▶ [Exercise requirements] Copy exactly the stretch of lines from the one holding "I like to make" through the last line of the data below, inclusive. Leave out pictures.

▶ [Dataset excerpt]
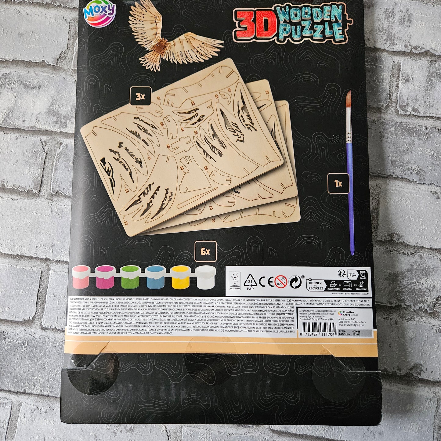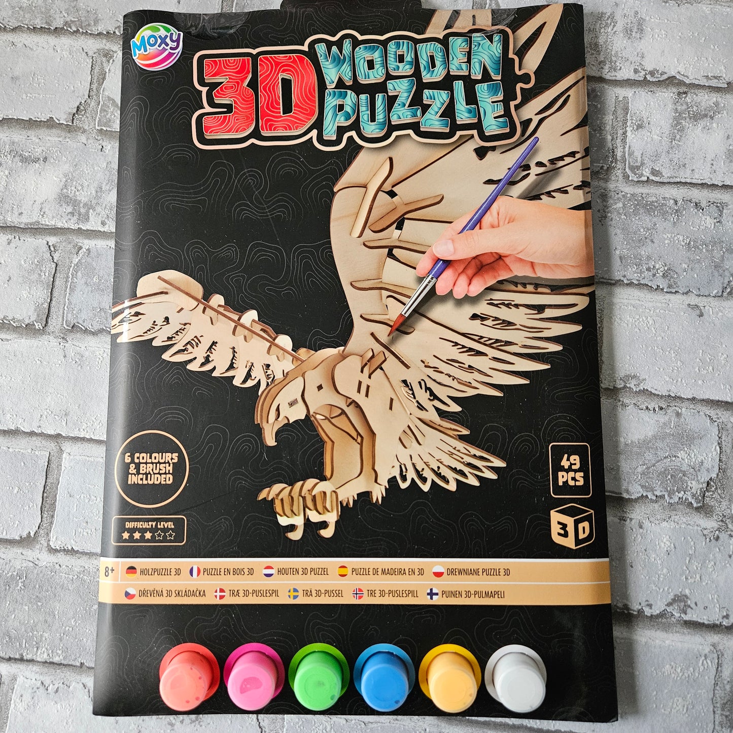 Beleef het avontuur van bouwen en kleuren met deze indrukwekkende houten 3D puzzel van een roofvogel! Deze middelgrote puzzel bestaat uit maar liefst 49 stukken en biedt een uitdagende en creatieve ervaring. Zodra de roofvogel in elkaar zit, kun je hem volledig naar eigen smaak beschilderen met de 6 kleuren verf en het meegeleverde kwastje.
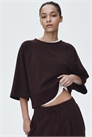 Топ из легкой толстовочной ткани с круглым вырезом, отделанным ребрами, и рукавами реглан длиной 3/4. Ребрышки на подоле.
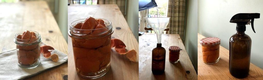 I like to make our cleaner citrus scented with old peels saved over the winter. It takes a bit longer to make as you will see but means the spay smells of oranges (or lemons) instead of vinegar and in my opinion is well worth the extra time taken.
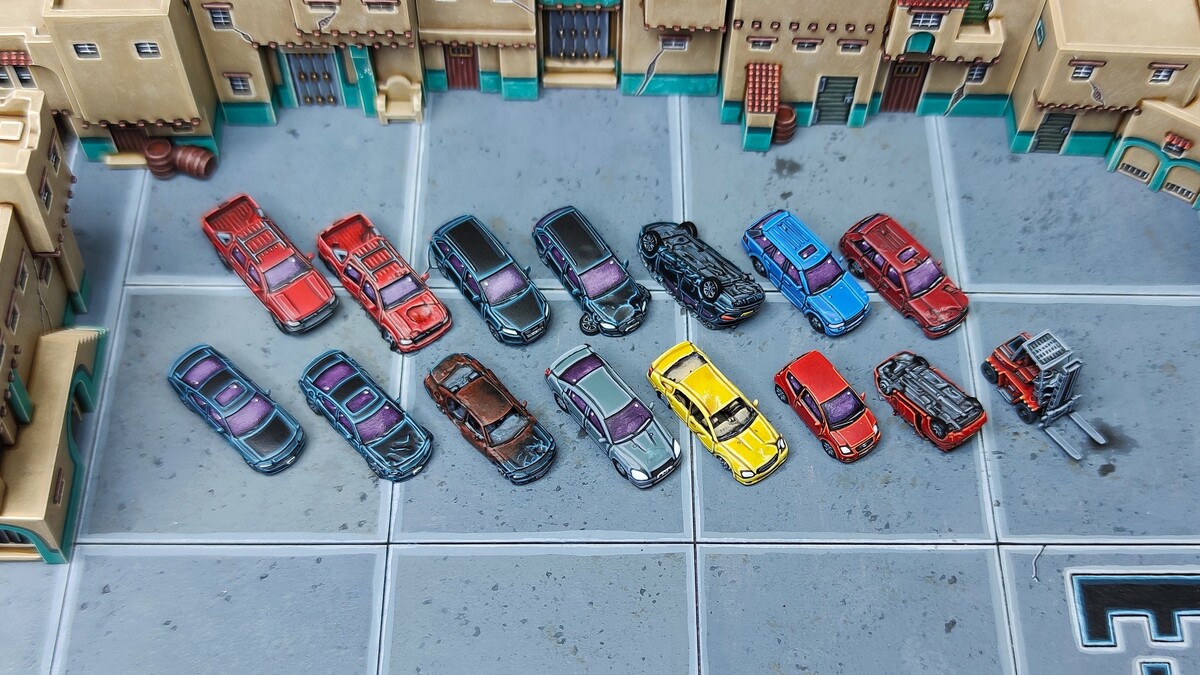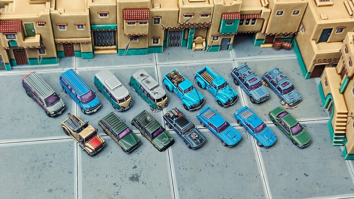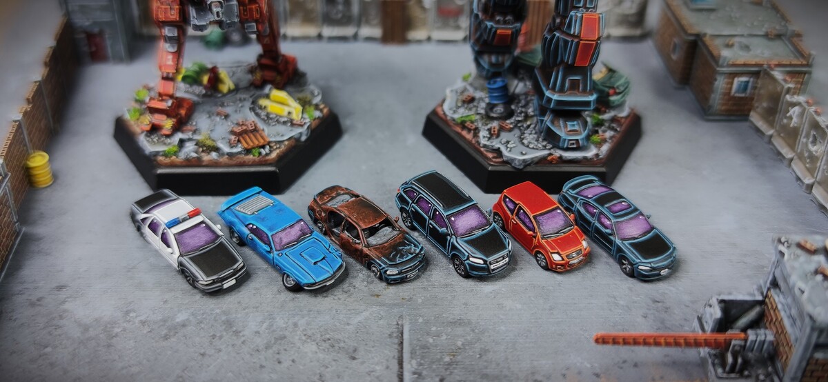 Our base sets fit two main eras, a modern set intended for around the 2010s onward and a more classic era featuring vehicles from the 40s all the way to the early 90s. Of course they can both be mixed for modern eras and beyond, we personally love having some recognisable cars scattered around our battlefields to lend better scale to the towering mechs and giant tanks of the future!

▶ [Solution to this task]
 I like to make our cleaner citrus scented with old peels saved over the winter. It takes a bit longer to make as you will see but means the spay smells of oranges (or lemons) instead of vinegar and in my opinion is well worth the extra time taken.
 Our base sets fit two main eras, a modern set intended for around the 2010s onward and a more classic era featuring vehicles from the 40s all the way to the early 90s. Of course they can both be mixed for modern eras and beyond, we personally love having some recognisable cars scattered around our battlefields to lend better scale to the towering mechs and giant tanks of the future!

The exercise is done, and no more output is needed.